The bottom line is that in all instances, care must be taken when personal information is processed and published by the media and other publishers. And in order to ensure that the necessary level of care is taken, there should be an appropriate code of ethics, which sets out the safeguards for the protection of personal information. Popia provides useful guidance in this respect – Section 7(3) lists certain factors which will be considered when determining whether a code of ethics provides adequate safeguards for the processing of personal information by journalists or not. These factors include the importance of freedom of expression and the need to balance the public interest in allowing the free flow of information while also safeguarding the protection of personal information, as well as standards of professional integrity for journalists.
What these factors indicate is that the implementation of an appropriate data protection code which governs solely journalistic activities will ensure that the media’s freedom of expression is protected, while also ensuring that this freedom is reconciled and appropriately balanced with the right of data subjects to the protection of their personal information.
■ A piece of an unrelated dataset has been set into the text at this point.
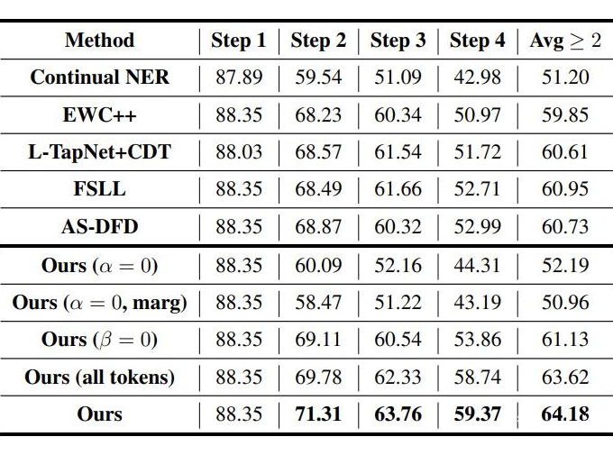 CI NER:类增量学习 NER 的 SOTA;EWC++:一个解决灾难性遗忘的方法;FSLL:类增量学习图片分类的 SOTA;AS-DFD:无数据蒸馏的文本分类的 SOTA;L-TAPNet+CDT:少样本序列标注的 SOTA。

It will also exempt the media from the onerous obligations under Popia which often conflict with the media’s rights to freedom of expression.
In addition, while such a code will not protect the media against common law privacy claims, it will provide a level of protection against the type of claim launched by Prince Harry on data protection grounds and from the potentially exorbitant data breach fines imposed under Popia. DM
Lavanya Pillay is a senior associate at law firm Webber Wentzel.